含樱苦笑一声,原来早就被发现了。
也好,冲百里仲轩先把仆妇和书童都打发走,才开口对自己说话,看来还没准备直接把狼狈的自己暴露在大庭广众之前。
心里一口气松下来,含樱才发现自己的两条胳膊都已经紧绷到极致,左腿也僵硬的几乎不能动了,自己根本不可能爬上去:“麻烦……麻烦帮我一把。”
百里仲轩冷哼一声,踏过藿香池,弯腰单手抓住含樱的肩膀,平日里懒洋洋的一个人,这会儿居然没费多大力气,“哗啦”一声就把她从水里拎了出来。
凉风一吹,含樱全身上下顿时都凉飕飕的,左腿也吃不住劲,一下子瘫坐在藿香花畔,没等她开口,百里仲轩手一扬,搭在左臂上的黑呢大氅已经扔到她身上。
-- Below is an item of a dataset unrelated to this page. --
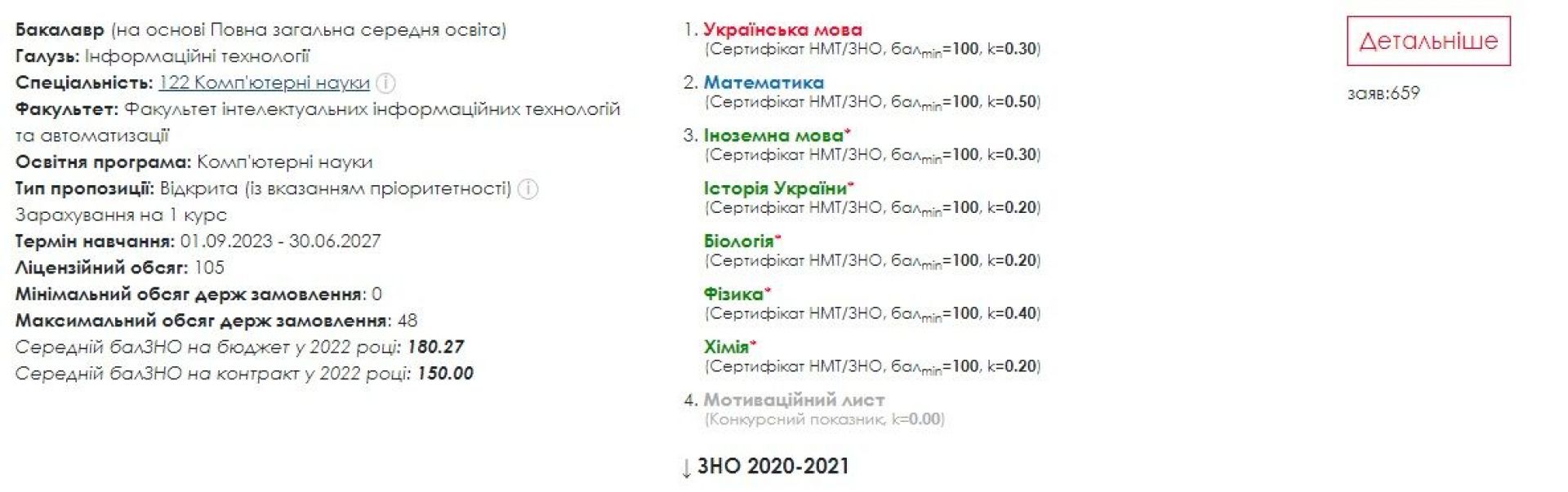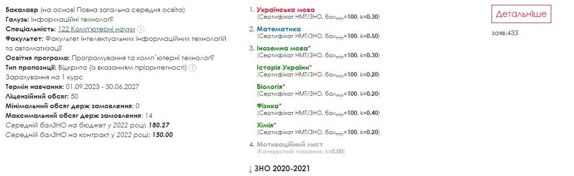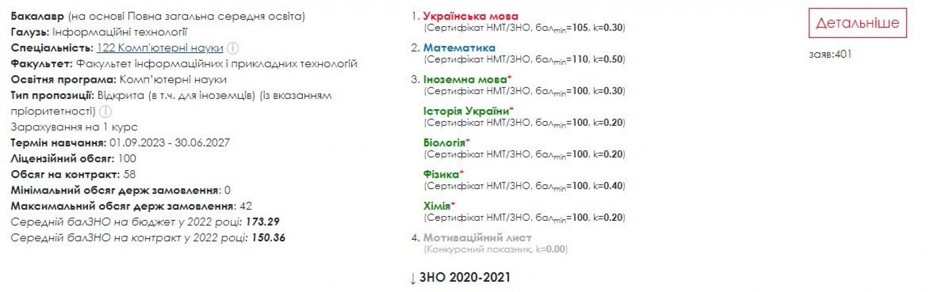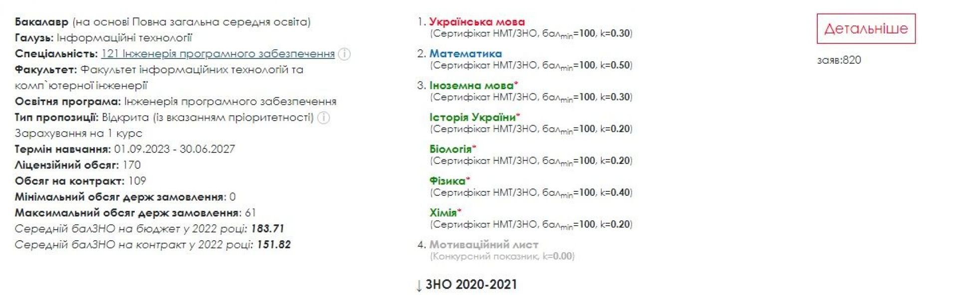 Цьогоріч найбільше заявок подали на «Інженерія програмного забезпечення» ― 820 та на «Комп'ютерні науки» ― 659. Також в трійку потрапила спеціальність «Програмування та комп`ютерні технології» ― 433 заяви.

“远远看着就像你,我还当自己看花了眼呢。”百里仲轩看含樱默默围上大氅,半嘲笑的开口。
含樱低头无语——满锦秋湖官邸,大概也就她一个人,走路不方便。
看她一直不说话,百里仲轩也不再开口,上下打量她:月光下,她坐在地上,黑色的大氅一部分已经被她身上的水浸透,一部分还飘飘洒洒的垂着,像一朵朵高低起伏的乌云,衬得她苍白的脸色越发像秋天高悬的明月,皎洁无暇,几滴晶莹的水珠正从脸上滑落,剔透如闪烁的星星。
“怎么出来的?想去听雨轩找我哥?”百里仲轩忽然弯下腰,盯着她问。
含樱张了张嘴,不知道怎么说,索性继续闭口。
“就算我把墨香斋的人都关起来给你让路,你现在水淋淋的,能摸到听雨轩去?”百里仲轩倒是很有耐性,继续追问她:“而且这副模样……”他摸了摸自己的下巴:“想唱出苦肉计吗?”
“大帅今晚在听雨轩?”含樱终于开口,连累带冻,她声音有些哑,平添了一份软弱和疲惫——今晚,百里稼轩不应该去盛惠轩嘉奖五姨娘汪嘉惠?或者去昭阳楼和闵朝梅商量怎么审讯江心吗?怎么会独自住在听雨轩?
百里仲轩看了她一眼,忽然转身扒拉起一边的藿香花从,一会儿工夫,就把她装点心的包裹和水壶找了出来
。
他有些惊异的看看手里的东西,又看看含樱:“你刚才藏的是这个?你……要给那个女人送饭送水?”他问着,忍不住笑起来:“你怕那个女人给饿着?也太心急了吧?不过才饿一天而已,连你被禁足的处罚都不听了?”
夜深人静,百里仲轩的笑声肆无忌惮,传的很远,含樱看他丝毫没有停下不笑的意思,终于又低低说了一句:“怕下毒。”
百里仲轩的笑声戛然而止,他再次看看手里提着的包裹和水,迟疑了片刻,说了句有点风牛马不相及的话:“以后多培养点心腹,省得自己折腾!”
说着他忽然弯腰,把包裹和水丢到含樱怀里,含樱刚刚抱住,他已经双手一抄,把坐在地上的含樱抱起来,大步向垂虹桥走去。
“干嘛?”含樱吓了一跳,紧紧拽住了黑色的大氅。